I split D82747 out from this. It's much clearer and independent from this.

qiucf updated this revision to Diff 278704.Jul 17 2020, 3:13 AM
qiucf marked an inline comment as done.

Reflect changes after strict conversion for SPE and enable-ppc-quad-precision's removal.

steven.zhang accepted this revision.Aug 4 2020, 2:34 AM

LGTM now. Please hold on for several days to see if @nemanjai or @uweigand have comments.

This revision is now accepted and ready to land.Aug 4 2020, 2:34 AM

This doesn't look correct.
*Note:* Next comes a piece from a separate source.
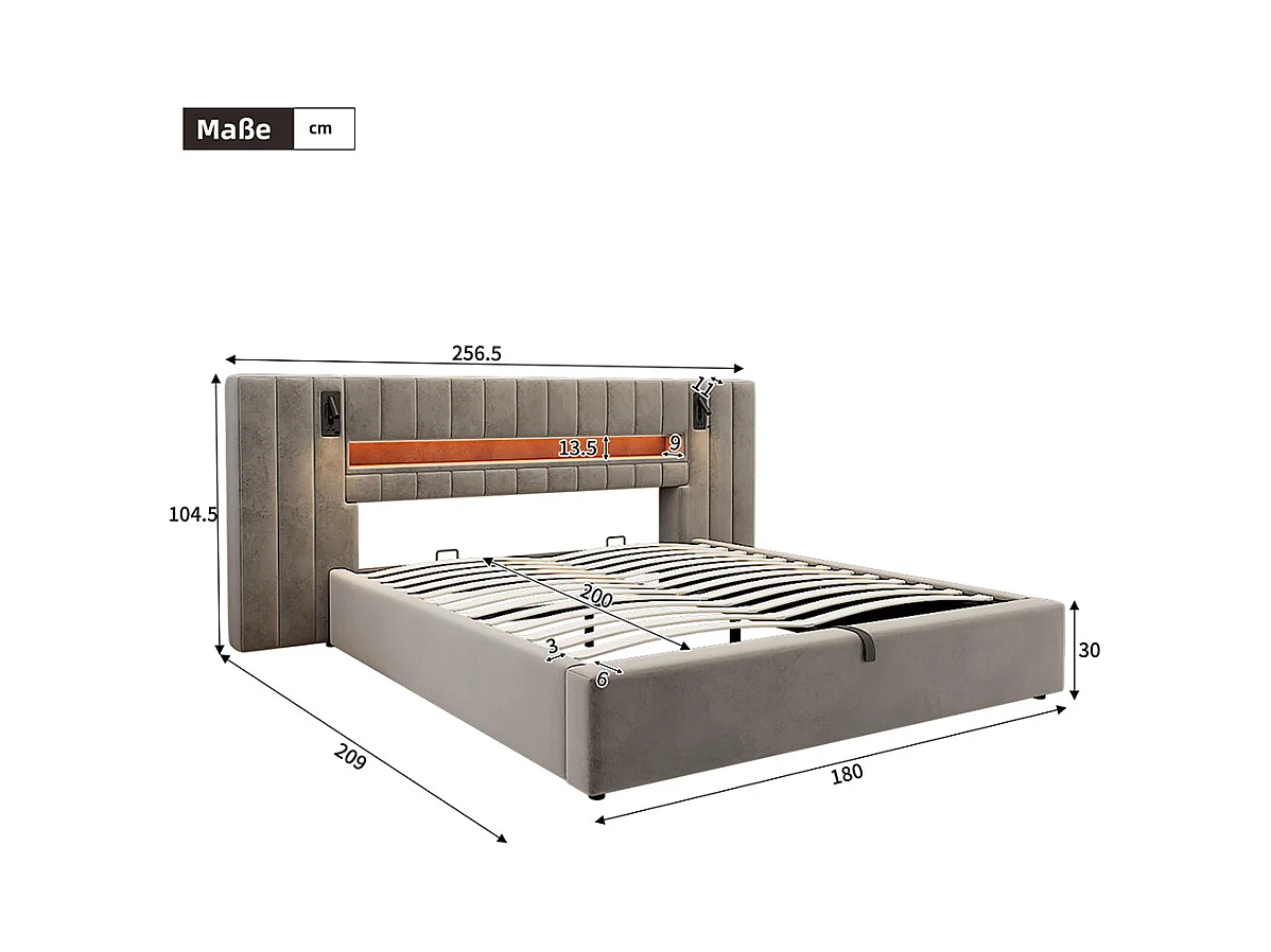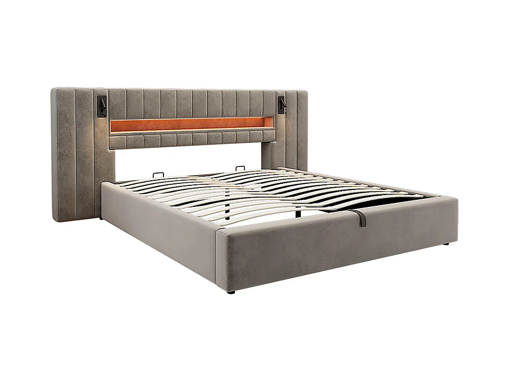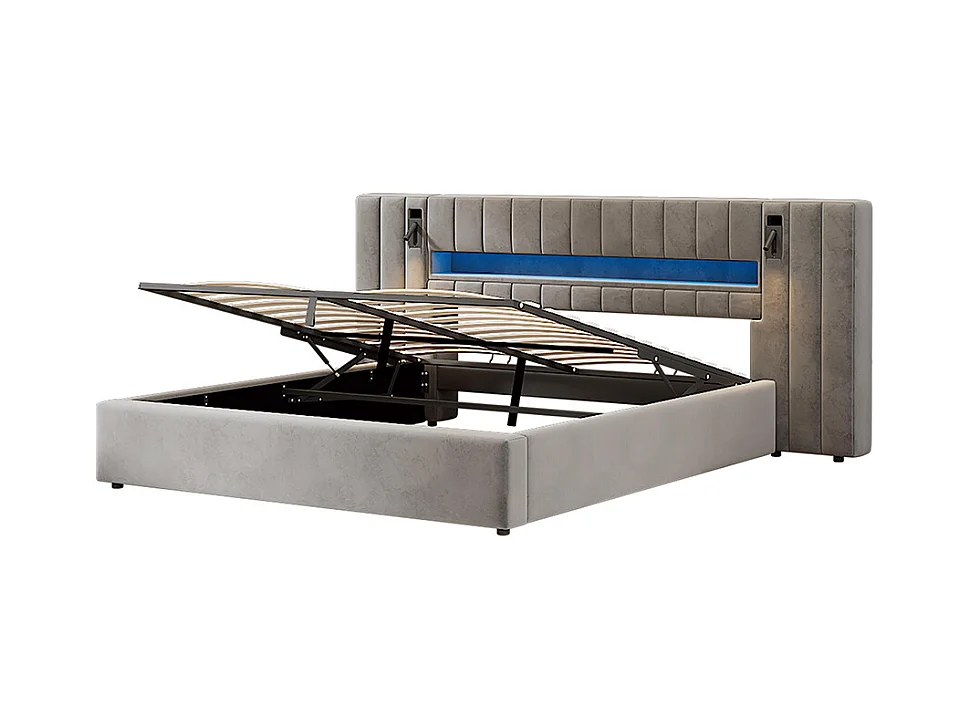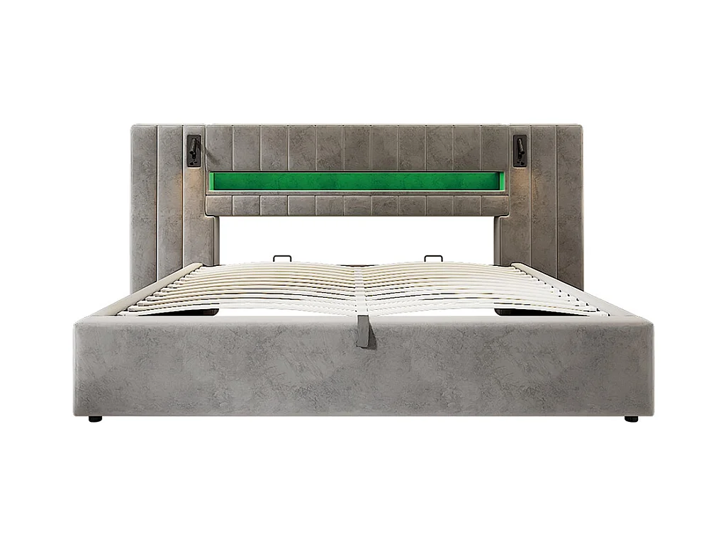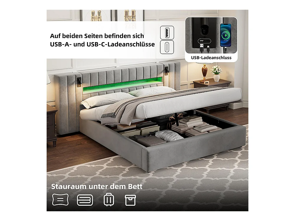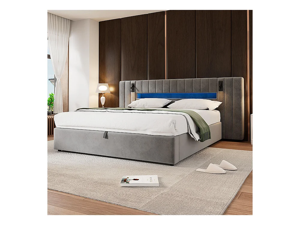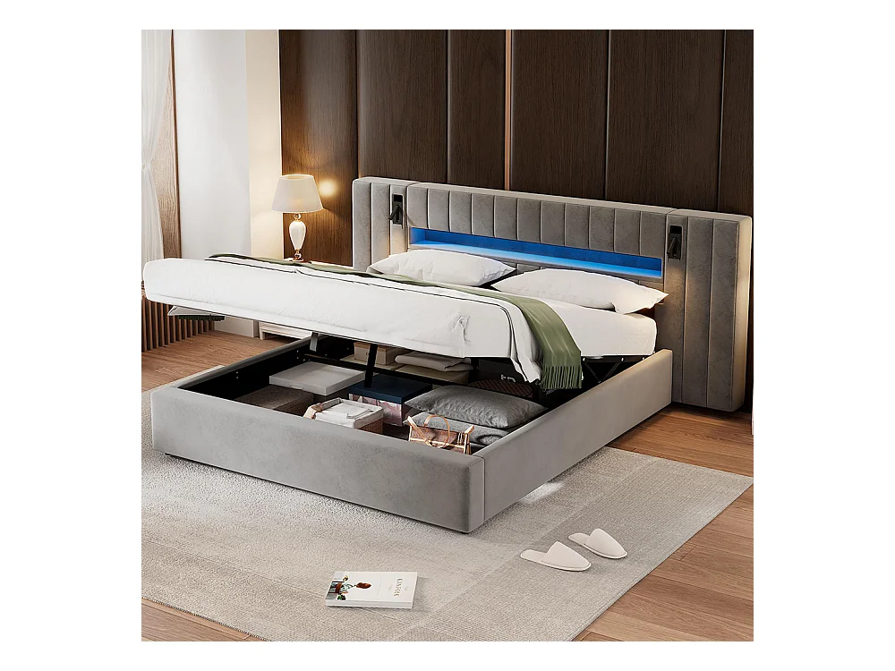 Lit adulte 180 x 200 cm, avec port USB, avec éclairage LED, lampe de chevet, espace de rangement, velours, gris

As far as I can see, none of the conversion functions were actually changed to handle strict operations. For one, you'll need strict variants of all the PowerPC-specific conversion operations, use them in all the conversion subroutines, and consistently track their chain nodes.

The patch only adds a strict variant of the direct move, which seems to me the only operation where actually a strict version is not required ...

llvm/lib/Target/PowerPC/PPCISelLowering.cpp
8230

This doesn't look right. The Chain produced by this strict node just vanishes, this cannot be correct.

8247

And you need strict versions of all these conversion operations, I'd assume.

8258

Nothing in the function actually handles strict nodes, that cannot be right.

8307

Why do we need a strict version of a plain move?

8312

Again, nothing in this function actually handles strict nodes ...

qiucf added a comment.Aug 10 2020, 9:49 AM

This doesn't look correct. As far as I can see, none of the conversion functions were actually changed to handle strict operations. For one, you'll need strict variants of all the PowerPC-specific conversion operations, use them in all the conversion subroutines, and consistently track their chain nodes.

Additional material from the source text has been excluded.